But it is also an important difference to note in applying Rom 7:7-12 for this week.  We spent yesterday morning having Paul describe to us that even the condemning, dominating aspect of the law, the aspect from which we have been freed in Christ.  We saw that we ought to be grateful for the law's condemnation and domination, because God used it to show us that sin was very much alive in us and that we were dead. "used" ... "was" ... "were" ... past tense!
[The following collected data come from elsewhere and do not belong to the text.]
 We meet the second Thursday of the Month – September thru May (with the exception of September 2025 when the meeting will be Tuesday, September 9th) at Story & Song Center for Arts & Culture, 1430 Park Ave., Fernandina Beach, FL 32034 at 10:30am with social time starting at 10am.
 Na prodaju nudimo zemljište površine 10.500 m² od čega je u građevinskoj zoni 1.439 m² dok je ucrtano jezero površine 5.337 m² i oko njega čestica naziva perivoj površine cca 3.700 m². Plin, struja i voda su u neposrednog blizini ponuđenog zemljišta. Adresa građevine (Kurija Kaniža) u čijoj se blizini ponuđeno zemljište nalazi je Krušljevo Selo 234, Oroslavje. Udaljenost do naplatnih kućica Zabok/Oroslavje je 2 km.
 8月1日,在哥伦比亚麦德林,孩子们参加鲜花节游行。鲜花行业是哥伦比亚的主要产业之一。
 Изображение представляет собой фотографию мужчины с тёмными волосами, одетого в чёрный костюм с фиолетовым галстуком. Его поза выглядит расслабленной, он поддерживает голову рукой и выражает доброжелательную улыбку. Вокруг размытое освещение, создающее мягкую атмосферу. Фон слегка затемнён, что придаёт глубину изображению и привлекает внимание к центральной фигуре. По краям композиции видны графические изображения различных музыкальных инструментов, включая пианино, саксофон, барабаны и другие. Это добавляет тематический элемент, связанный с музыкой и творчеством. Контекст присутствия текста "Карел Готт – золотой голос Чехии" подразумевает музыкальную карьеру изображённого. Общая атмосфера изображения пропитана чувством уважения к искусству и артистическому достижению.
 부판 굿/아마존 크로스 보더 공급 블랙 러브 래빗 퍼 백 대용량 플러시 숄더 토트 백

Believers ought to be grateful that the law once was condemning and dominating us!  But if this isn't past tense for us, then great is our peril indeed.  Believers aren't under condemnation anymore.  Believers aren't under the law's domination anymore.  Believers have peace with God (ch 5).  Believers walk in newness of life, obeying from the heart (ch 6).  It is this new kind of obedience at work in us that gives life to the struggle in next week's text!
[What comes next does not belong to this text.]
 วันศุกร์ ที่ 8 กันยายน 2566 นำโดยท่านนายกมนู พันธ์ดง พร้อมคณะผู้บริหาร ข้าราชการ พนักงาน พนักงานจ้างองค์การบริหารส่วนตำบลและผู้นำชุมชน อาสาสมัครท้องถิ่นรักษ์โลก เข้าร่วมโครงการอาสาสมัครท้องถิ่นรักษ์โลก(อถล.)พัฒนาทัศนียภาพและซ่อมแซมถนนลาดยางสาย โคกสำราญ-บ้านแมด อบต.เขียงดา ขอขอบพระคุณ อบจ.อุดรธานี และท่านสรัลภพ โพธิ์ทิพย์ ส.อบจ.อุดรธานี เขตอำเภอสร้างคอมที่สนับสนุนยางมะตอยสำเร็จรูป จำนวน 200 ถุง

So as we heard in the sermon, we should be grateful that the law showed us that we were wicked and dead and damned.  That's the only kind of person for whom Jesus--the Savior of wicked, dead, and damned people--is good news!  But this gratitude must be for something that is in our past

The question for you is: is the law's condemnation and domination in your past?  There are two reasons you might answer, "no."

The first possible reason for "no," would be if you have never been condemned by the law and dominated by the law.  This is quite possible, since God's law is so rarely preached these days.  God's law hasn't just been yanked from court rooms by seething secularists.  God's law has been yanked from pulpits by spineless church architects--attempting to "grow" God's church by man's so-called "wisdom."  And the result is that it is quite possible that you have attended an "evangelical" church all your life and have never had your conscience pinned under the law. 
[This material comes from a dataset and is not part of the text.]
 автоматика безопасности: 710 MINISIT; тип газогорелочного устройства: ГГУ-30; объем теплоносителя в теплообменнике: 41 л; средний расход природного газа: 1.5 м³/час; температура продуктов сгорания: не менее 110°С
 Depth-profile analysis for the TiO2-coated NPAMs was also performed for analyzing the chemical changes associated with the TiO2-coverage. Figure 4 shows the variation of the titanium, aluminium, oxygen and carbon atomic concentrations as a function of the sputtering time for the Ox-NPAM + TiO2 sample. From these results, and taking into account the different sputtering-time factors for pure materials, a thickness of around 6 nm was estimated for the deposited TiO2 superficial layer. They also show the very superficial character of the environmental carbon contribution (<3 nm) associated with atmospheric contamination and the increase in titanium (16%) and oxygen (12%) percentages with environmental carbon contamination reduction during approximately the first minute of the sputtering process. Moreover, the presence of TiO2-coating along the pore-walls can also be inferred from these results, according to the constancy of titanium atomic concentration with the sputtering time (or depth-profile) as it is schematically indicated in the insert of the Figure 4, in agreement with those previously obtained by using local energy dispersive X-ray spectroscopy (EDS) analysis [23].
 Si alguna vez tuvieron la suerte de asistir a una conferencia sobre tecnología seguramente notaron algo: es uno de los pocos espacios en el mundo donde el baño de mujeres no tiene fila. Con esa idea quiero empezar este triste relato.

If you're in that position, you are an evangelical without the evangel.  The gospel is not that you can have a better life and be a better you if only you would have Jesus in your heart.  The gospel is that Jesus died to take our damnation, rose to give us life, and ascended and poured out His Spirit to sanctify us.  Without the law to tell you that you are damned, dead, and wicked, there simply is no true gospel.

A second reason why Rom 7:7-12 might not be past tense for you is if you are still stuck in it!  Alas, this is all too possible.  If you hear law, and rather than a heart desire to keep it, you feel a heart desire to "get away" with breaking it while appearing to others (calligraphy!) as if you keep it, you might be stuck.  If you hear law, and rather than grief out of love for your Savior you feel singled out and condemned, then it's not past tense.  If you hear law, and rather than hearing a guide for your life, you hear a description of how bad you are, you might be stuck. 

And if you're stuck, you still need to be saved.  People who belong to Jesus have been freed from this relationship with the law.  If the law is heavy and condemning to you, fly to the cross.  Ask Jesus to free you from its slavery and make you His slave instead.  The law is not the gospel.  Law without Jesus isn't good news; it's even worse than no news at all!